A collection of works on self-supervised, deep-learning learning for video. The papers listed here refers to our survey:

Self-Supervised Learning for Videos: A Survey

Madeline Chantry Schiappa, Yogesh Singh Rawat, Mubarak Shah


In this survey, we provide a review of existing approaches on self-supervised learning focusing on the video domain. We summarize these methods into four different categories based on their learning objectives: 1) pretext tasks, 2) generative learning, 3) contrastive learning, and 4) cross-modal agreement. We further introduce the commonly used datasets, downstream evaluation tasks, insights into the limitations of existing works, and the potential future directions in this area.

Overview of publications Statistics of self-supervised (SSL) video representation learning research in recent years. From left to right we show a) the total number of SSL related papers published in top conference venues, b) categorical breakdown of the main research topics studied in SSL, and (c) modality breakdown of the main modalities used in SSL. The year 2022 remains incomplete because a majority of the conferences occur later in the year.

Overview of publications related to Action Recognition Action recognition performance of models over time for different self-supervised strategies including different modalities: video-only (V), video-text (V+T), video-audio (V+A), video-text-audio (V+T+A). More recently, contrastive learning has become the most popular strategy.

Training Tasks

Pre-Text Learning

Action Recognition

Downstream evaluation of action recognition on pretext self-supervised learning measured by prediction accuracy. Top scores are in bold. Playback speed related tasks typically perform the best.

Model Subcategory Visual Backbone Pre-Train UCF101 HMDB51
Geometry Appearance AlexNet UCF101/HMDB51 54.10 22.60
Wang et al. Appearance C3D UCF101 61.20 33.40
3D RotNet Appearance 3D R-18 MT 62.90 33.70
VideoJigsaw Jigsaw CaffeNet Kinetics 54.70 27.00
3D ST-puzzle Jigsaw C3D Kinetics 65.80 33.70
CSJ Jigsaw R(2+3)D Kinetics+UCF101+HMDB51 79.50 52.60
PRP Speed R3D Kinetics 72.10 35.00
SpeedNet Speed S3D-G Kinetics 81.10 48.80
Jenni et al. Speed R(2+1)D UCF101 87.10 49.80
PacePred Speed S3D-G UCF101 87.10 52.60
ShuffleLearn Temporal Order AlexNet UCF101 50.90 19.80
OPN Temporal Order VGG-M UCF101 59.80 23.80
O3N Temporal Order AlexNet UCF101 60.30 32.50
ClipOrder Temporal Order R3D UCF101 72.40 30.90

Video Retreival

Performance for the downstream video retrieval task with top scores for each category in bold. K/U/H indicates using all three datasets for pre-training, i.e. Kinetics, UCF101, and HMDB51.

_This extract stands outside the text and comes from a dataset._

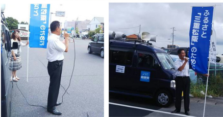
9/3 議員定数削減街頭演説活動 JR 松阪駅他

Model Category Subcategory Visual Backbone Pre-train UCF101 R@5 HMDB51 R@5
SpeedNet Pretext Speed S3D-G Kinetics 28.10 --
ClipOrder Pretext Temporal Order R3D UCF101 30.30 22.90
OPN Pretext Temporal Order CaffeNet UCF101 28.70 --
CSJ Pretext Jigsaw R(2+3)D K/U/H 40.50 --
PRP Pretext Speed R3D Kinetics 38.50 27.20
Jenni et al. Pretext Speed 3D R-18 Kinetics 48.50 --
PacePred Pretext Speed R(2+1)D UCF101 49.70 32.20

Generative Learning

Action Recognition

Downstream action recognition evaluation for models that use a generative self-supervised pre-training approach. Top scores are in bold

Model Subcategory Visual Backbone Pre-train UCF101 HMDB51
Mathieu et al. Frame Prediction C3D Sports1M 52.10 --
VideoGan Reconstruction VAE Flickr 52.90 --
Liang et al. Frame Prediction LSTM UCF101 55.10 --
VideoMoCo Frame Prediction R(2+1)D Kinetics 78.70 49.20
MemDPC-Dual Frame Prediction R(2+3)D Kinetics 86.10 54.50
Tian et al. Reconstruction 3D R-101 Kinetics 88.10 59.00
VideoMAE MAE ViT-L ImageNet 91.3 62.6
MotionMAE MAE ViT-B Kinetics 96.3 --

Video Retreival

Model Category Subcategory Visual Backbone Pre-train UCF101 R@5 HMDB51 R@5
MemDPC-RGP Generative Frame Prediction R(2+3)D Kinetics 40.40 25.70
MemDPC-Flow Generative Frame Prediction R(2+3)D Kinetics 63.20 37.60

Video Captioning

Contrastive Learning

Action Recognition

Action Recognition

Downstream action recognition on UCF101 and HMDB51 for models that use contrastive learning and/or cross-modal agreement. Top scores for each category are in bold. Modalities include video (V), optical flow (F), human keypoints (K), text (T) and audio (A). Spatio-temporal augmentations with contrastive learning typically are the highest performing approaches.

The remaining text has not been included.